Un grand merci à Marie-Antoinette VOELCKEL qui a accepté d’inaugurer cette rubrique destinée à l’interview d’une personnalité du conseil génétique. Inutile de la présenter, même pour les plus jeunes et laissons la parole à la présidente de l’AFCG :

 

NP : Tu as fais partie de la toute première promotion des CG. Cette formation apparaît comme une continuité dans ton parcours professionnel où tu as été spectatrice puis actrice du besoin d’une nouvelle profession de santé en génétique médicale. Comment l’as-tu ressenti et vécu?

 

M-A V : J’ai en effet, entendu parler très tôt du projet dans les réunions du service. J’étais très proche du Pr J-F Mattei puisque j’avais développé à ses côtés les techniques de biologie moléculaire appliquées à la médecine et vu naître également la spécialité de génétique, en médecine (1995) grâce à ses rapports et à son implication au ministère.
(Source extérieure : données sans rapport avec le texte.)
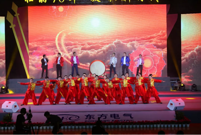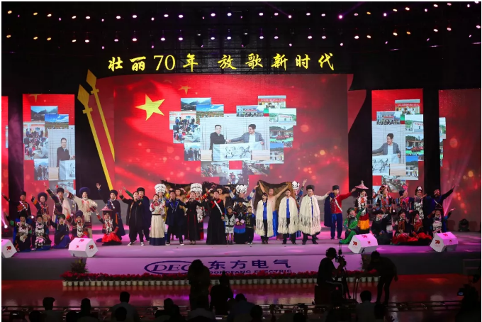 由东方电机的歌舞表演《我与祖国共成长》,东方自控的歌舞表演《龙的传人》,昭觉人民带来了热情的歌舞《新情深意长》,东方汽轮机的歌舞《天下乡亲》,壤塘县的舞蹈《则曲博姆(壤塘美 东方情)》等节目演绎了东方电气礼赞新中国,伴随祖国共同迈入改革开放富起来、民族复兴强起来的伟大历史进程。同时,由昭觉县和壤塘县同胞带来的精彩歌舞既呈现了民族服饰的华美,也展现了东方电气积极响应习近平总书记和党中央坚决打赢脱贫攻坚战的伟大决定,与定点帮扶地区人民结下的深厚情谊,鱼水深情引起现场观众的强烈共鸣,奏响了展演的金色乐章。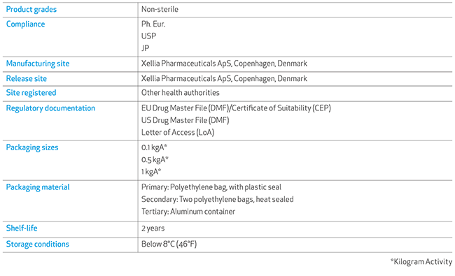 Applications: Administered intravenously as a colloidal complex with sodium deoxycholate or as a liposomal formulation. The low germ and endotoxin content makes Xellia’s amphotericin b particularly suitable for parenteral use.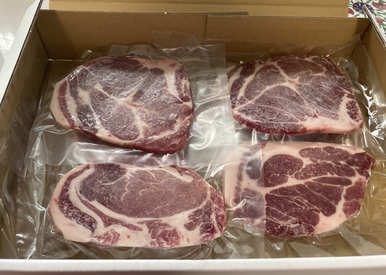 こちらの豚肉はとてもよかったです。まず一枚一枚が密閉されて個包装になっているので届いてすぐに冷凍庫に入れられる点は最高に便利です。また、厚さがちょうど良くてステーキ肉として焼くのにちょうど良いのでとてもよかったです。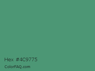 Hex #4c9775 Color is a normal green color and the nearest color is Wintergreen Dream #56887d. Hex code #4c9775 and RGB value is rgb(76,151,117). In RGB color space, this color is composed of 30% red, 59% green, 46% blue, In CMYK color space, this color is composed of 50% cyan, 0% magenta, 23% yellow , 41% black , In HSL color space, this color has a hue angle of 153° , 33% saturation and 45% lightness.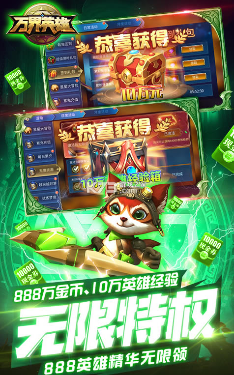 ★【重磅特权】无限资源特权强大,激活后每天可领取888万金币、稀有英雄、10万英雄经验、888英雄精华等大量资源,从此英雄进阶升级不用愁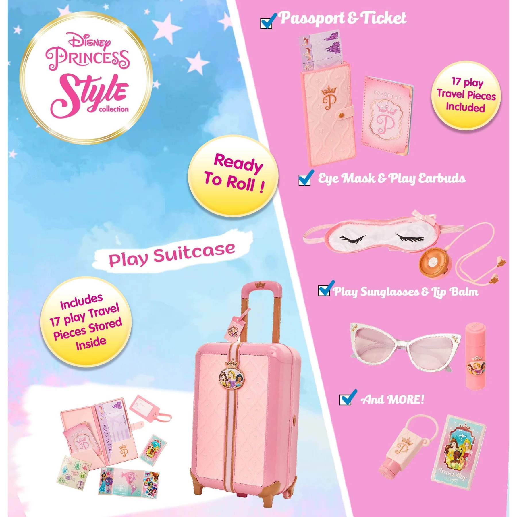 Jet off to magical adventures with the Disney Princess Style Suitcase Travel Set! This 17-piece playset includes everything a young traveler needs to explore in style-from a play passport and airplane ticket to earbuds, an eye mask, lip balm, and hand sanitizer. The real working wheels and retractable handle make it feel just like a real suitcase, adding to the fun of pretend travel. Perfect for role-play, imaginative adventures, and Disney Princess fans, this set lets kids experience the excitement of travel in a fun and stylish way!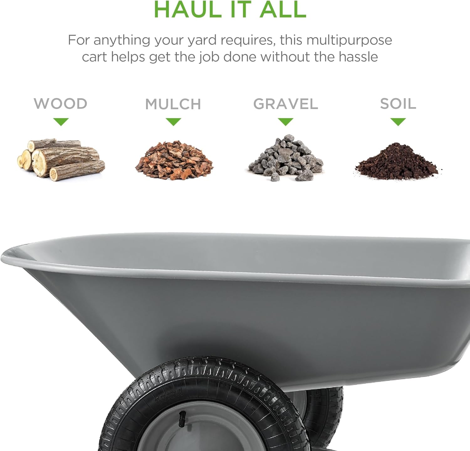 - MULTIPURPOSE GARDEN CART: Deep wheelbarrow holds up to 5 cubic feet of soil, bricks, mulch, gravel, and more, so you can conveniently carry out landscaping and other home improvement projects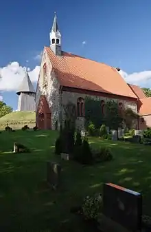 The Lutheran St. James' Church (German: St. Jakobi-Kirche) was erected around 1160 in Romanesque style from boulders, but later often altered. It is decorated by a carved altar of an unknown artist of about 1520. It stood originally in Husum and Schwabstedt acquired it in 1834 together with paintings of the Twelve Apostles and scenes of the Passion of Jesus. They are pieces of the Tönning-based Dutch painter Govert van Achten, who created them in 1602. Bishop Ulrik donated the carved pulpit, by Hans Pepper from Rendsburg, and the wooden baptismal font in 1606. His many titles and coats-of-arms cover pulpit and font.

Au début, je sentais Monsieur Mattei enthousiaste car il sentait la nécessité de cette création au vu du nombre d’internes en médecine diminuant « tragiquement » face à l’essor de la génétique médicale (et surtout moléculaire…). Mais le discours de certaines personnes était déjà très condescendant ! Mes proches amies (dans le service) me conseillaient de m’y impliquer car ce nouveau métier pouvait me plaire. J’avais beaucoup de contact avec les associations de malades mais je ne pouvais jamais rencontrer ces personnes en consultation (la consultation m’étant interdite car je suis docteur en science et non en médecine ! la différence ici est ÉNORME). J’ai une petite anecdote à ce sujet : un jour une personne avait insisté pour me voir et uniquement moi, on m’a accordé ce droit seulement en présence d’un médecin à mes côtés ; ce qui fut fait. De plus, j’en avais assez de donner des conseils aux médecins qui me téléphonaient pour savoir comment commenter un résultat de biologie moléculaire, qui des apparentés étaient nécessaires pour l’analyse familiale, etc. Je leur expliquais et ils le répétaient en consultation…

Mais, j’ai su très tôt que ce métier allait poser beaucoup de problèmes, qu’il neserait pas accepté par le corps médical ….ce que vous savez ! Puis, les circonstances étant ce qu’elles sont…mon patron étant devenu ministre, les choses changeaient au laboratoire …il était temps pour moi de tourner une page.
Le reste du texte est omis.